Can I ask you, is it true, what I’ve been told when the policy was adjusted post-election – because there was some tinkering everyone acknowledges that – is it true that there was a standing ovation for changes in the Party Room?

 

SENATOR RYAN:

I think there – I can’t remember if there was a standing ovation Peter – but everyone was very happy with the fact that, yes, we had done a little bit of tinkering, but we had landed on a policy that balanced fairness, as well as the need to encourage and reward those who were saving for their retirement. That’s why no one has raised it since.

 

VAN ONSELEN:

Just one final one on this issue around the accusations at you about leaking. I appreciate that you’ve rejected them categorically, but just to play devil’s advocate on that from my perspective.

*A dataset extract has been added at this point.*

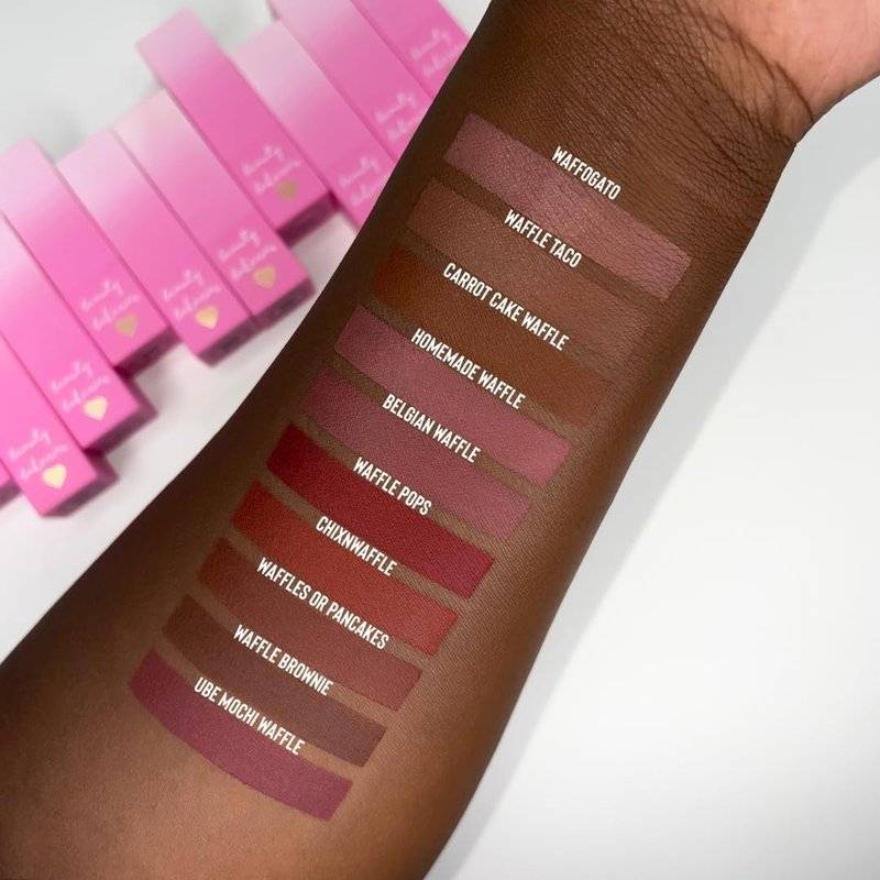 "I've done things, waffle things"...but you can make up for it with our Waffle Things Lipsticks! Despite being matte, this glides on and stays in place while you're out doing all of the waffle things you can dream of! Indulge in 10 shades of decadence.
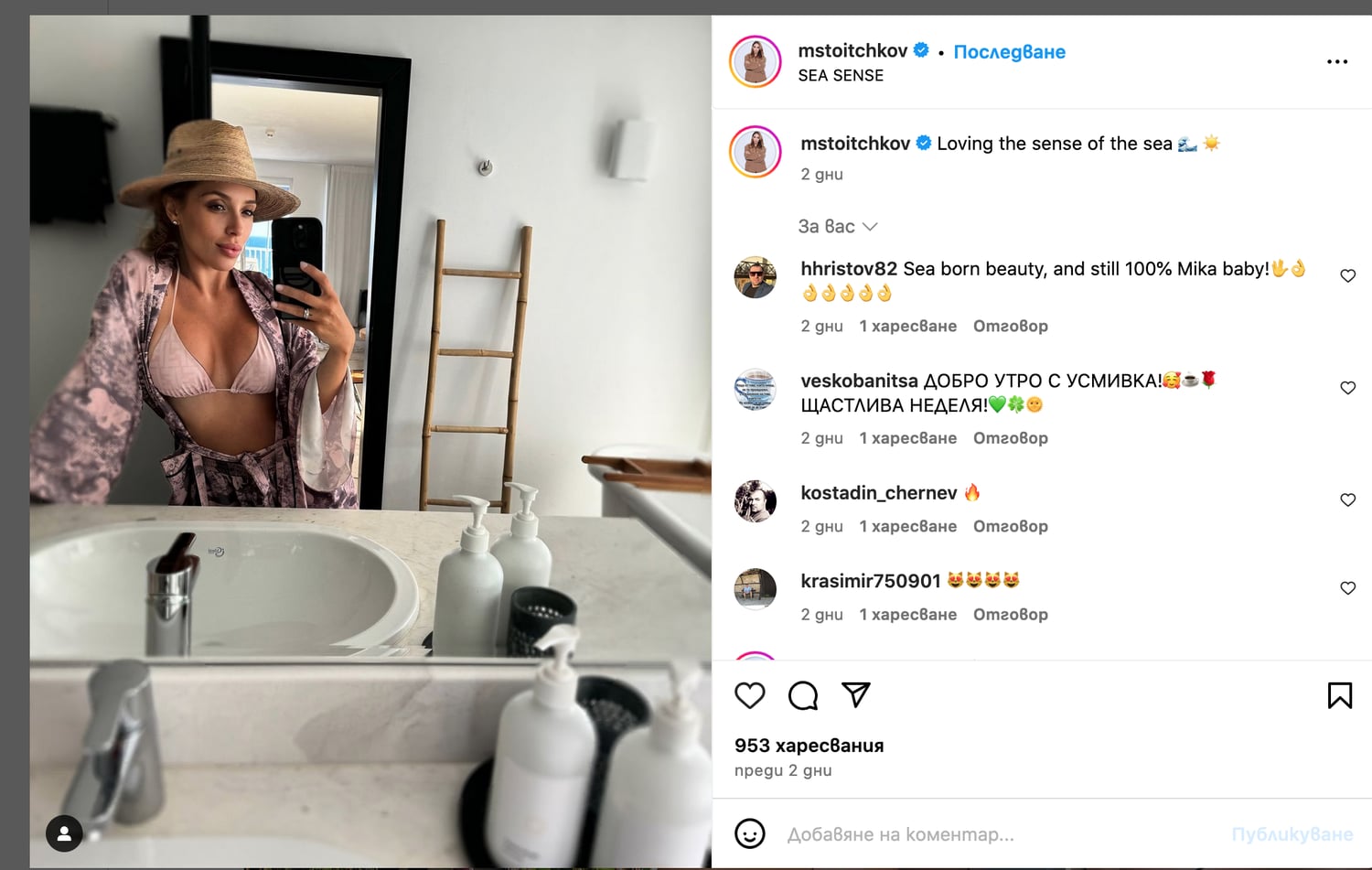 Голямата дъщеря на Камата сама разкри локацията на събитието, публикувайки своя снимка в instagram. На кадъра Мика позира с изрязан секси бански с марка Fendi, който изпъква на загорялата ѝ кожа, a от раменете ѝ царствено се спуска още по-марковото парео на Dior.

How would one, when orchestrating such a scenario, manage to convince opponents of yourself to be commenting publically, if you were behind the orchestration of this because it would quite a Houdini act? I would have thought, to be able to leak and then to also be able to convince the QC to start talking about it, including on the 7.30 Report, convincing other people to weigh in and do all sorts of things. It would be quite a puppeteering manoeuvre.

 

SENATOR RYAN:

It’s a conspiracy theory Peter. That’s the best way I can describe it and I think it should be treated as such.

 

VAN ONSELEN:

All right, let’s move on.

Cory Bernardi’s party is growing now that it has the organisational assistance of the Family First party. Is this a good thing, in your opinion, for Australian politics? I think it is. The reason I say that is because it is an opportunity for One Nation to be gobbled up on the right of centre across the crossbenches if this Australian Conservative Party can be successful. Whatever people think about Cory Bernardi, he is far less offensive – I don’t necessarily think he is offensive at all – he is far less offensive than Pauline Hanson’s One Nation party and he is more ideologically pure.

 

SENATOR RYAN:

Peter, you wouldn’t expect me to make those sort of observations that really are for people like you. As the person who brought the Bob Day matter to the attention of Parliament after I discovered it, Family First in South Australia was, in recent years, very much the product of Bob’s work and his particular efforts, contributions and role in the Senate. It has always been very South Australian in its focus, apart from the fluke election of Steve Fielding in Victoria in 2004 from Labor preferences when their preference deal went wrong. I’m not particularly surprised, but at the same time, it doesn’t really affect what I need to do. What I need to do is implement the promises we set at the election, deal with the problems that arise in between and then convince people, or ask people, to vote for us for another three years. We are more than two years from another election so the movement of political parties or senators is not what is occupying my mind or the minds of my ministerial colleagues.

 

VAN ONSELEN:

But as the electoral affairs minister, what about the difficulties of a new party trying to take root in Australian politics? It is a highly two-party system, as you well know and we’ve long talked about that even though there is a growing vote for crossbenchers, in terms of primary votes, the system is stacked against minor parties by and large, more so in the Senate after those changes that have been made via Senate reform ahead of the last election.

 

SENATOR RYAN:

I wouldn’t describe it as stacked against. Any party that receives four per cent of the vote receives public funding and I think that actually enables people to start up new, competitive parties. While I’m a member of the Liberal Party and very proud of that, I have no problem with competition either. I don’t think it is stacked against. The Senate changes simply say that who you vote for is where that vote goes to. If anything, that will help major parties, but also generate trust in minor parties because essentially where a ballot paper is marked number one, that’s where the vote goes. Where it is marked number two, that’s where the vote goes. It will stop preference whispering that I think was destroying trust in wider Australian politics in the Senate.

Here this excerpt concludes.